Case Studies

HealthiAir

How might we empower Baltimore families to create smoke-free homes?

Project Overview

In Baltimore, 50 percent of Baltimore middle-schoolers live with a smoker. In 2013, 14 of 17 sleep-related deaths reported secondhand smoke exposure. Significant disparities exist, such as 37.12% of those with income $15,000-$24,999 reported smoking compared to a City average of 21.2% and 25.18% of Black people reported smoking cigarettes vs 18.76% for white people.

In Fall 2016, an interdisciplinary team of undergraduate and graduate students at the Center for Social Design at Maryland Institute College of Art (MICA) collaborated with Baltimore City Health Department’s Tobacco Free Baltimore initiative to address the impact of smoke exposure in the home. 

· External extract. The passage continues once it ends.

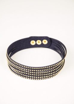 Accesorii pentru incaltaminte din piele ecologica de culoare bleumarin, decorate cu bile aurii. Se pot folosi ca bratara dubla. Se inchid cu capse. Lungime; 40 cm. Latime: 2,5 cm

Utilizing a human-centered, collaborative and design-driven approach, the team met with public health professionals to better understand the problem, interviewed families to gain new insights, and facilitated design workshops to generate ideas and prototypes. The research and brainstorming resulted in HealthiAir, a pop-up event that supports families in creating smoke-free comfort zones in their homes, identifying practical ways to get started, and connecting to the resources they need. 

Process

Research:

Students worked to understand the culture and context of the problem by understanding the culture and context of people. They talked to, observed, and learned from Baltimore families and healthcare professionals to locate needs and assets.

Synthesize:

Students compiled observations and research findings. They created visualizations of key research and looked for common themes and insights in order to identify appropriate opportunities for intervention.

Ideate:

In collaboration with stakeholders, students generated as many ideas as possible to address barriers to creating smoke-free homes.

Prototype:

Students developed tangible representations of the ideas. Through feedback and testing, they arrived at the HealthiAir pop-up event intervention.

Test + Implement:

In partnership with Baltimore City Health Department, students piloted HealthiAir in multiple contexts (schools, community centers, and apartment buildings) and collected feedback. The pilots helped identify important design tweaks to make before officially launching HealthiAir.

About HealthiAir

HealthiAir believes that if we ease the pathway to creating smoke-free comfort zones and engage people where they are on their journey, every home and family in Baltimore will breathe happy and healthy. We accomplish this by constantly reflecting back on our core values:

  • Honor stories and experiences: Respect the personal and lived experiences that are shared and allow them to inform our design process with integrity.
  • Acknowledge the reality of addiction: Be empathetic in our language and careful in our approach, making sure to address smoking without blaming or shaming behaviors.
  • Make knowledge actionable: Inform with solid facts and data but also translate information in a way that is relatable and approachable to motivate effective change.
  • Engage the whole person: Connect with all aspects of the people we design with (physical, mental, emotional, social) while being mindful of their individual needs.
  • Ease the pathway: Create interventions that don’t recreate stress while allowing families the agency to take action on their own terms. Do no harm, add no stress.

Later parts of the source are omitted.